Local Commentary

Editorial: A WMATA-Falls Church Deal?

The enthusiasm exhibited at Monday’s Falls Church City Council meeting by WMATA’s board chair Jack Evans concerning the potential to collaborate with Falls Church on commercial development at the West Falls Church Metro station needs to be viewed for what it is: A tremendous potential boost to the City’s plans and needs to extract substantially added revenues from its Campus Redevelopment Project there.

All plans by the City and its School Board to plod ahead with its notions of what to do with the City’s 36.5 acres there now needs to be placed on hold while the prospect for fully doubling the size of the land in question needs to be hashed out with WMATA.

WMATA’s got its own 38 acres right at the site, all used for structured and surface parking. To the extent that Evans and the WMATA board, scrounging around for ways to finance the daunting tasks before the Metrorail system and regretting WMATA’s failure to have gained from the dense commercial development at other stations on its routes, is now thirsting to move on its own development at West Falls Church, it is a prime and timely opportunity for the City and WMATA to sit down and talk.

Once again, we encourage major developers around the region to sit up and take notice, as we’re sure they must be. There could be a heck of a lot of money to be made if the City and WMATA joined forces to extract the highest and best use out of that location, revenues that both Falls Church and WMATA sorely need.

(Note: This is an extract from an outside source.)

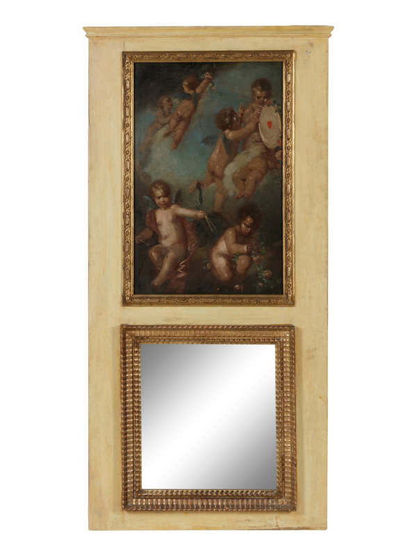 A Louis XVI Style Painted and Parcel Gilt Trumeau Mirror

Evans reminded the F.C. City Council that there are over 22 million visitors to the D.C. Metro area every year, and most of them are tourists. A campus including the 38 WMATA acres and 10.5 of the acres of the F.C. Campus Redevelopment Project (the maximum allotted for non-educational uses) could be combined with the City’s educational on the rest of its site (that could include world-class swimming, baseball and performing arts facilities) and would attract families coming to visit D.C.’s many amazing historical attractions. They could set up shop here where costs are lower and security factors are enhanced to readily avail of the entire Metro system for their vacations and other travels.

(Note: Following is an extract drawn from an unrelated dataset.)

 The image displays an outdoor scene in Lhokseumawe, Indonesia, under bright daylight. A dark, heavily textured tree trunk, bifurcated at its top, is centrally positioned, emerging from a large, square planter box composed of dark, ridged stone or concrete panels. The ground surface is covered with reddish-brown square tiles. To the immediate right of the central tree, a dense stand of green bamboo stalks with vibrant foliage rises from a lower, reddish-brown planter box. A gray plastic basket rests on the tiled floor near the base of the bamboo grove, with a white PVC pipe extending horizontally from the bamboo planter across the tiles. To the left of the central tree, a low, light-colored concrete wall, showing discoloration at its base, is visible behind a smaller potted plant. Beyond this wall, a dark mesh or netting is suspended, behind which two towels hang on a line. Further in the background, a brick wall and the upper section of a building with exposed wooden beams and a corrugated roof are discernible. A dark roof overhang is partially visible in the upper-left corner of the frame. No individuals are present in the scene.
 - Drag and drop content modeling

Dear Falls Church, this is a chance for something really big. The City would gain all the benefits with very little down side since the West Falls Church station is outside the City limits and the City could readily remain insulated from what could go out there.

Roll into this equation enhanced negotiations around the Northern Virginia Graduate Center’s classroom building located right there as well, and the net effect will be that the future for the City will belong to the most creative and fresh-thinking minds among us.

The next step can be a port along the Four Mile Run, for such imaginings can become realities if opportunities that exist now are not squandered.